Uncontrolled Resource Consumption in org.eclipse.jetty.http2:http2-common

Summary

In Eclipse Jetty, an HTTP/2 client may trigger the server to send "RST_STREAM" frames, for example, by sending frames that are malformed or that should not be sent in a particular stream state, therefore forcing the server to consume resources such as CPU and memory. For example, a client can open a stream and then send "WINDOW_UPDATE" frames with a window size increment of 0, which is illegal. Per specification https://www.rfc-editor.org/rfc/rfc9113.html#name-window_update , the server should send a "RST_STREAM" frame.

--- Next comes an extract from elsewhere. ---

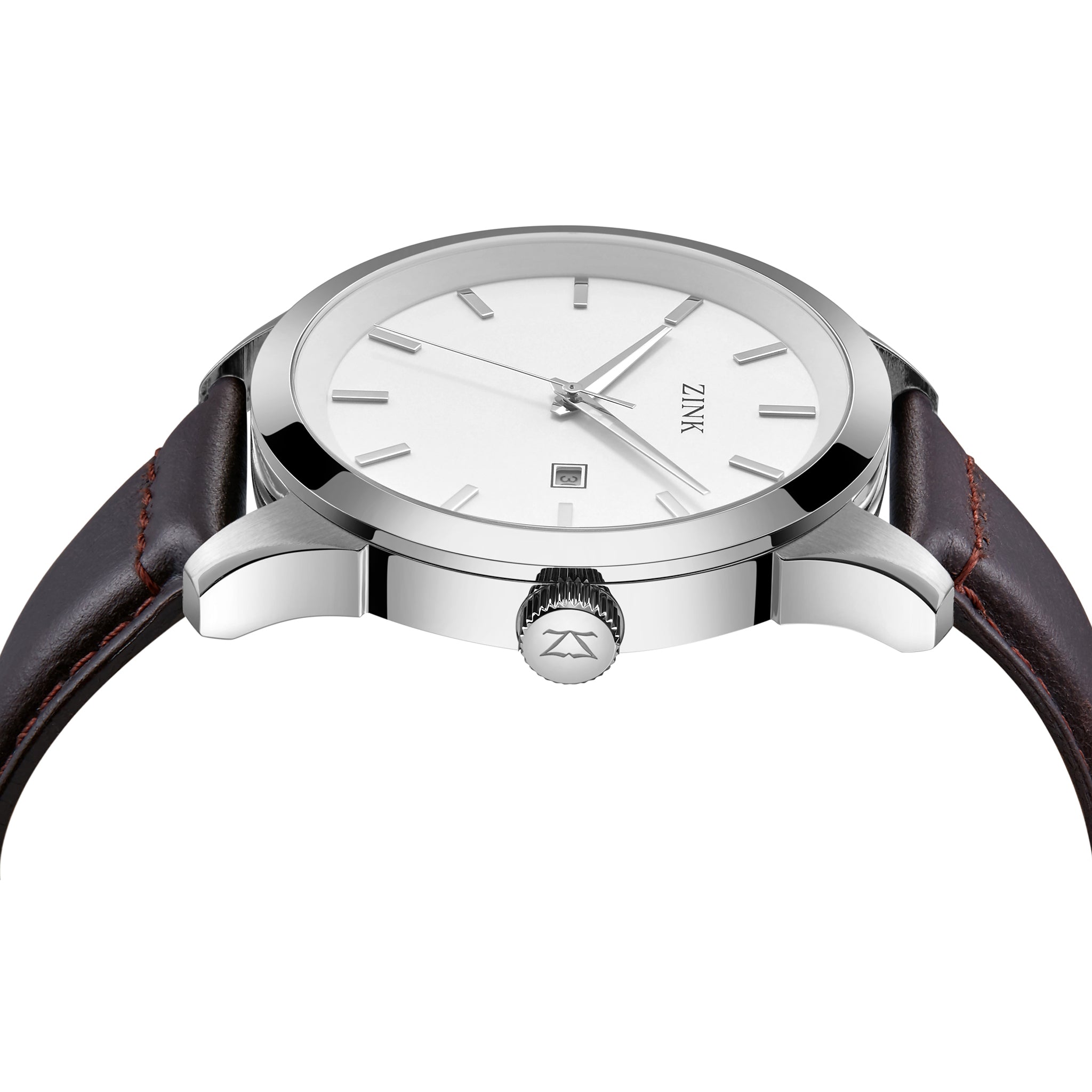 A watch is more than a timekeeper; it is a symbol of elegance encased in a showpiece with extreme craftsmanship. ZINK crafted the designs of Men's watches into contemporary timepieces dedicated to detail. This ZINK Watch is made for modern Men who are looking for a timepiece that can be used on every occasion. With its Brown premium Leather band and its Silver dial, this watch is both fashionable and functional. Featuring a bold Round Stainless Steel case with a diameter of 46 mm, this elegant timepiece is the ideal choice for your everyday outfits as it has a straightforward design with an eye-catching style.

The client can then open another stream and send another invalid "WINDOW_UPDATE" frame, causing the server to again consume unnecessary resources. This behavior does not exceed the maximum number of concurrent streams, yet the client is able to create an enormous number of streams in a short period of time. The attack can also be carried out under other conditions, for example, by sending a "DATA" frame for a closed stream, that cause the server to send a "RST_STREAM" frame. This issue affects org.eclipse.jetty.http2:http2-common versions 9.3.0.M0 through 9.4.57.v20241219, 10.0.0-alpha0 through 10.0.25, and 11.0.0-alpha0 through 11.0.25, and org.eclipse.jetty.http2:jetty-http2-common versions 12.0.0.alpha0 through 12.0.24, and 12.1.0.alpha0 through 12.1.0.beta2.